Stored entries:
»»

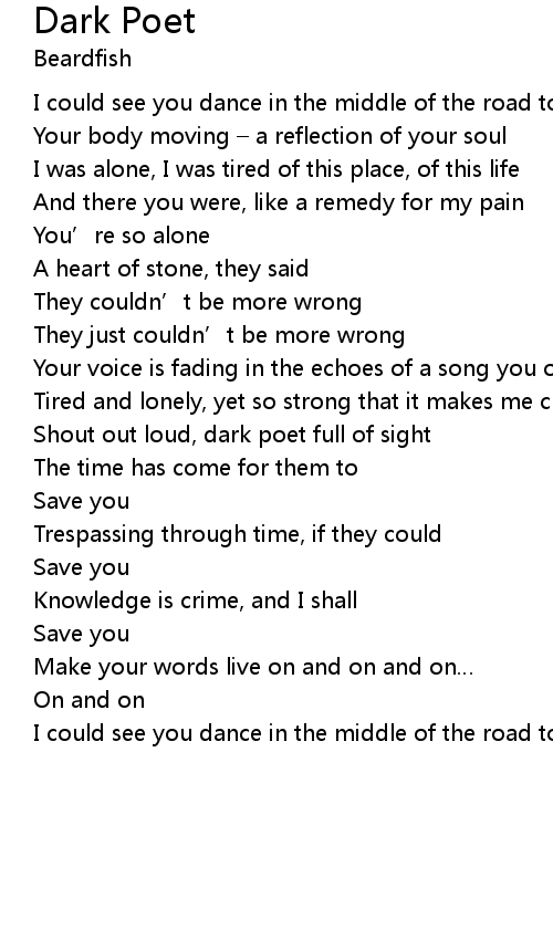 | Shout out loud, dark poet full of sight | |
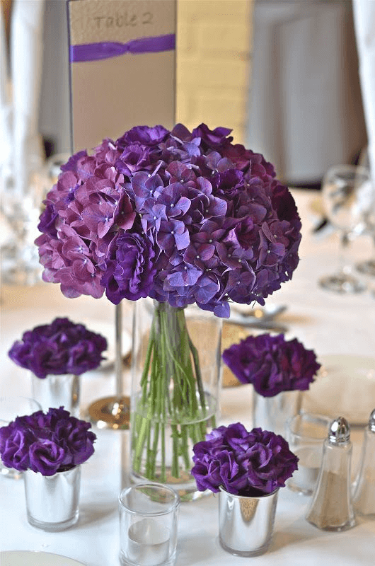 Keep it simple for couples who don’t want to spend a fortune on purple centrepieces…
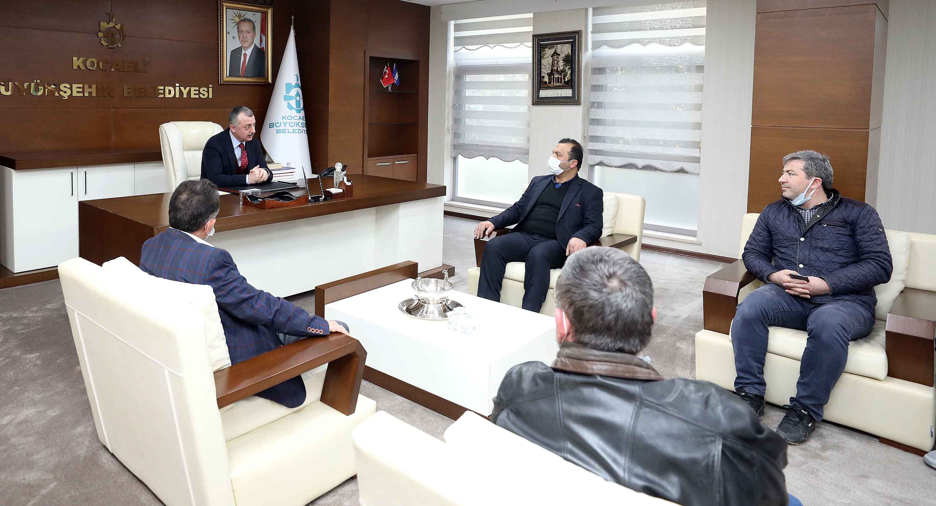 Marmara Belediyeler Birliği ve Kocaeli Büyükşehir Belediye Başkanı Doç. Dr. Tahir Büyükakın, Sivil Toplum Kuruluşları, meslek odaları ve siyasi partilerin yöneticileriyle buluşmalarına devam ediyor. Kentin ortak akılla yönetilmesine önem gösteren Başkan Büyükakın, son olarak Ziraat Mühendisleri Odası Başkanı Özgür Yılmaz, Zafer Partisi İl Başkanı Vedat Çalık, Çayırova Küçük Sanayi Sitesi Yapı Kooperatif Sitesi Başkanı Haydar Demirkıran, Darıca Kent Konseyi Başkanı Orhan Pala ve yönetimlerinin yanı sıra Kocaeli Gönüllü Kültür Teşekkülleri’nin üyeleriyle bir araya geldi. Kentin tüm dinamikleriyle görüş alışverişi yaptıklarını ziyaretlerde dile getiren Başkan Büyükakın, “Hayata geçirdiğimiz tüm yatırımlarımızla yaşanabilir bir çevre ile kimlikli ve sürdürülebilir bir kentleşmenin inşası için çalışıyoruz. Kocaeli Büyükşehir Belediyesi olarak yaptığımız yatırımlar, ürettiğimiz hizmetler ve verdiğimiz desteklerle şehrimizin mutluluğu için çalışıyoruz” dedi.
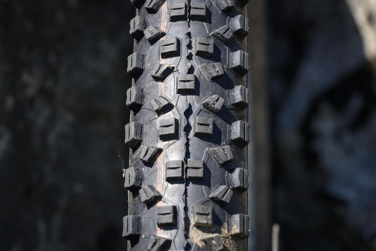 As the name suggests, the Hans Dampf is a great all rounder, performing above average in most trail conditions. The rounded profile offers consistent levels of cornering grip, and it also rolls really well for its given weight and size. Unless you’re riding in much looser and steeper conditions where we’d suggest pairing the Hans Dampf with a Magic Mary up front, the Hans Dampf is a versatile trail bike tyre for all year round use. As for the new Addix Soft compound? Well it is nice and sticky, but while it’s improved durability-wise over previous Hans Dampf tyres, we’re still seeing the early signs of knob rippage a little too soon for our liking.
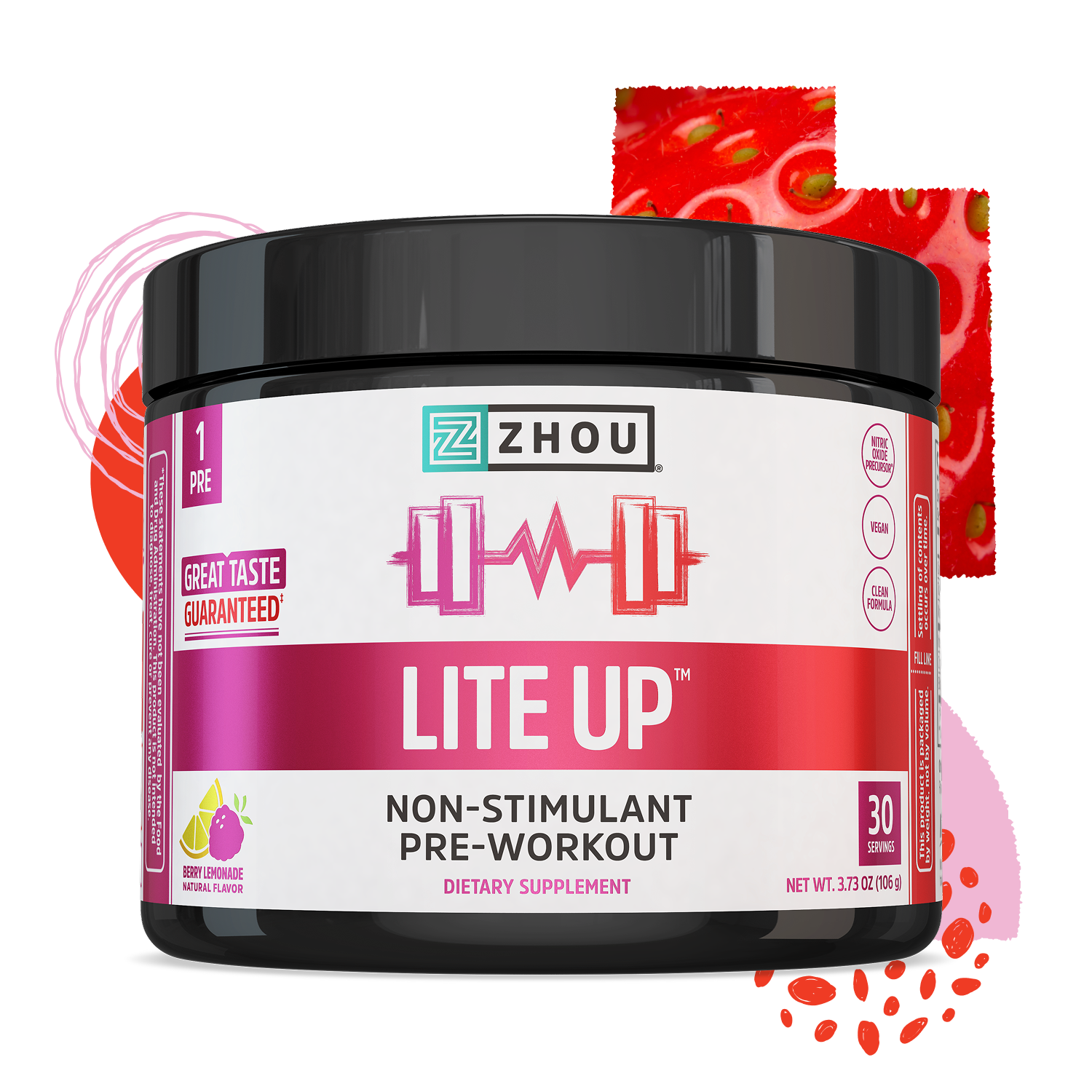 Get powerful workouts without the caffeine jitters. Yeah, we did that. Lite Up is a non-stimulant pre-workout powder designed to give you the energy and endurance you need for great workouts, without caffeine.
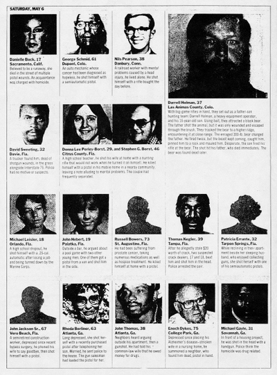 높이 114.1cm에 너비 83.6cm의 종이에 인쇄된 내용은, 1989년 5월1∼7일 일주일간 <타임>에 보도된 미국 내 총기사망자 460명의 사진과 사건 개요다. 본디 책자로 만들 생각이었는지, 25쪽으로 구성된 내용이 날짜순으로 펼쳐져 있다. 각 페이지에 16~20명을 담았고, 사망자 사진이 없을 땐 남녀의 증명사진 실루엣 이미지를 실었다. 특이한 사건은 크게 실었는데, 내용이 괴이쩍다. 콜로라도 라스아니마스 카운티에서 사망한 대럴 홀먼(37)은, 그야말로 어이없게 죽었다.
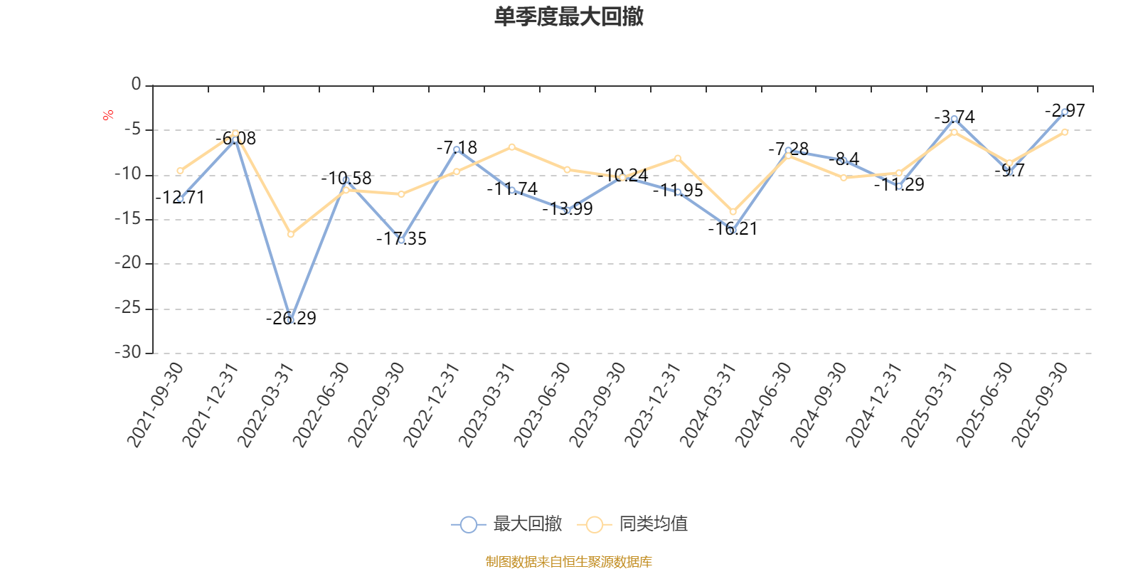 截至10月24日,基金近三年最大回撤为39.79%,同类可比基金排名904/1283。单季度最大回撤出现在2022年一季度,为26.29%。
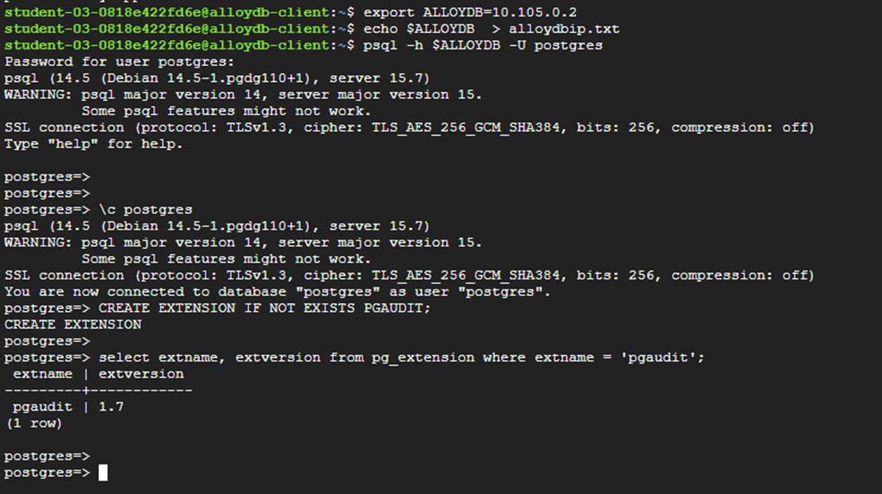 | CREATE EXTENSION IF NOT EXISTS PGAUDIT; |

««

_WHAT IS EXPECTED_: Only an exact copy of the lines from the top of the entries through the line with "Keep it simple", both included, should be given, with all pictures omitted.

_WRITTEN RESPONSE_:
 | Shout out loud, dark poet full of sight | |
 Keep it simple for couples who don’t want to spend a fortune on purple centrepieces…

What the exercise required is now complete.